I have to say, having children is a surefire way to cure any average working person in this country of their blind American-workaholism. There’s this sense, especially in Manhattan, this pressure that if you’re not exhausted, sleepless, stressed out and working nonstop, you aren’t doing it right. Having a baby and a two year old taught me real freaking fast that all that working is so not the point.

Of course, I have a job and a half, maybe a job and three quarters of a second job, in order to make an attempt at building a life for myself that will allow me to take better care of my children in the long run. So I’m mad busy now, hoping I’ll be slightly less busy later.

But I hope I learn from the chaos that I need to appreciate the quiet times, that if I clear something from my schedule I do NOT and should NOT immediately replace it with something else.
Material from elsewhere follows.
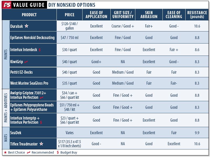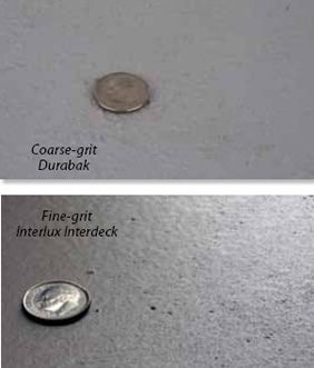Boat owners who want the ability to customize their nonskid application and want to choose their own deck paint would do well with the Awlgrip additive; choose the grit thats right for your application. The Budget Buy Intergrip additive offers a good compromise between grip and skin abrasion. In instances where a company sells a pre-mixed paint and a nonskid additive using the same media, as Epifanes does, wed likely use both products, applying the paint and sifting extra aggregate over it. This would likely save money and time in the long run.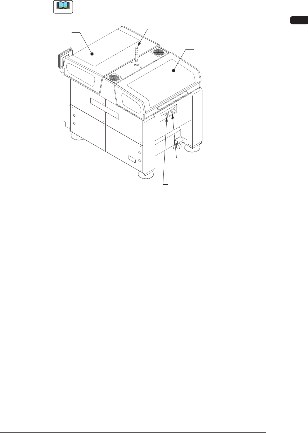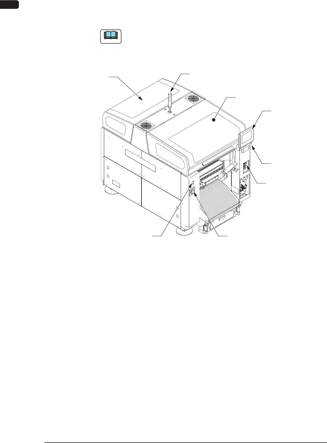 1OM-1604 1-4 第一章2.各部分的名称和功能 2. 各部分的名称和功能 2.1 装置外观 Note ( ) 表示项目。 塔灯 (2.3.2) 操作台 (2.3.3) [ 紧急停止 ] 按钮 (2.2.1) 送料器准备完了开关 ([F2 READY] 按钮 ) (2.2.2) 透明盖 (2.2.4) 机盖锁定开关 ([ 机盖 READY] 按钮 ) (2.2.3) 电闸 (2.3.1) 透明盖 (2.2.4) 装置正面…

I have enough on my plate. In fact, I need a smaller plate.



Monday, December 10, 2007
Huh?

1. What do I do here again? I need job training.

2. It was cold at 6am. Also, I wanted to go back to sleep.

3. There was an ad in the subway for “Alvin & The Chipmunks” - a digitally animated movie. With Alvin et al dressed like rappers from 1982. Velour track suit? Check. I bet they’re wearing K-Swiss shoes and some major bling, too. WTF?

4. Sign in the Port Authority: “Due to inclement weather in the Lincoln Tunnel, Expect Delays.” There’s WEATHER in the tunnel?! Seriously? What, like a rogue thunderstorm snuck into the tube and is raining under the river? Weird.

5. Not being 9 months pregnant, as I was the last time I went to work, means I can walk a LOT faster AND in kickass high heel boots. This made the commute a LOT easier. Except for the part wherein I had to DO the commute.